However, another couple of wizards
(Kuchumman and Weber) indicated that for good diffusion, your ratio of inlet
area to area before your core should be between 0.25 and 0.40 - going beyond
that you start to go bad.
So lets say you need 400 sq inches to
accommodate your radiator core, then according to K&W your inlet would need
to be between 0.25 and 0.40 X 400 = 100 – 160 sq inches The
larger inlet would also tend to diminish the external diffusion effect but not
slow the air velocity as much as the smaller opening..

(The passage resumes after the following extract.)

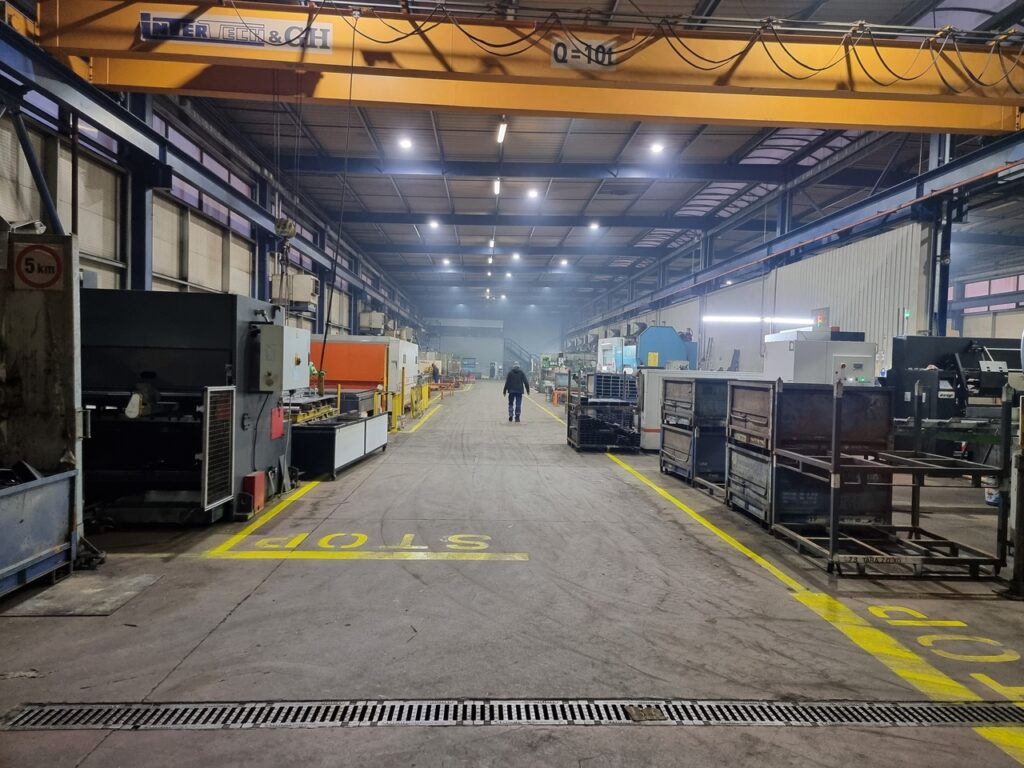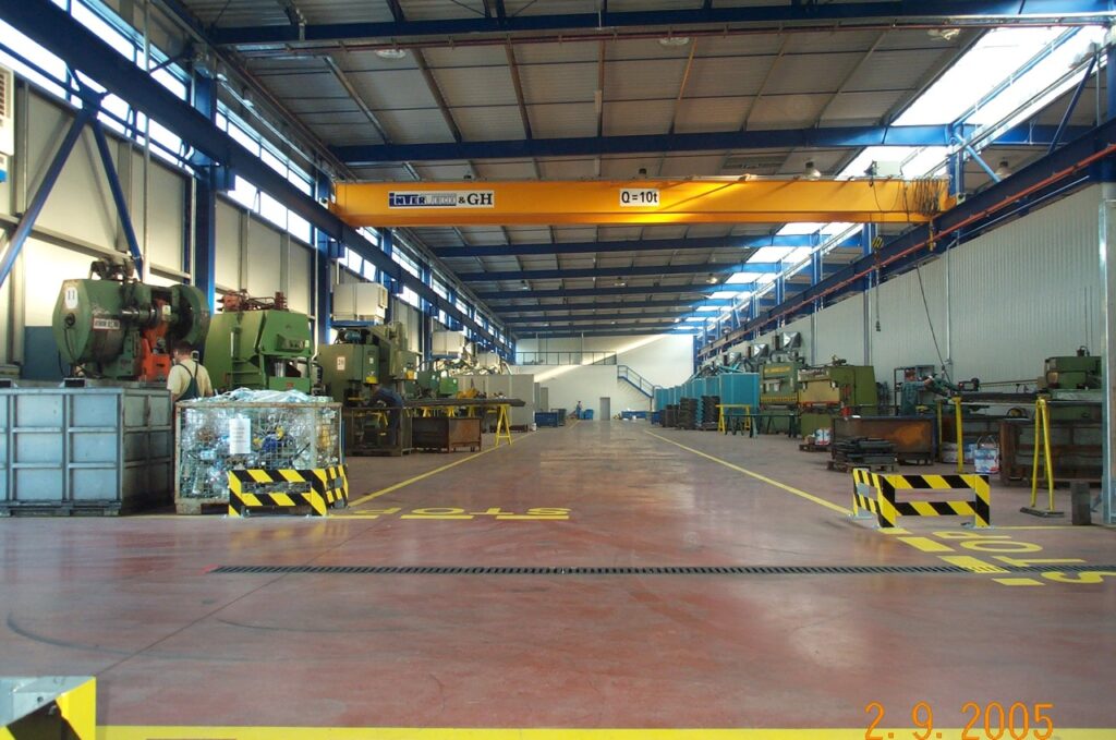 Division of the hall area into zones adapted to various types of production.

However we still have A1V1 = A2V2 so
with A1 at 100 sq inch (0.694 sq ft) and assuming inlet air velocity is 180
knots and now having A2 fixed at 400 sq inch or 2.777 sq ft we have V2 =
A1V1/A2 = 0.694 * 180/2.777 = 45 kts.
So our air velocity at the core is a bit
higher than we would like (according to Horner) so while it will cool, we may
be encountering more cooling drag due to the higher velocity air through the
core than we would like.
But, this is just a back of the envelope
calculation. So many things can affect cooling, we should be so lucky
that it would be just one major thing.
Where I
would Start:
I personally think the place to start is
to 1st size your radiator core based on the heat you want to get rid
of in your worst case situation (probably take off/climb). Since
few of us have wind tunnels, starting with a rule of thumb for core volume to
HP would probably be a good place to start.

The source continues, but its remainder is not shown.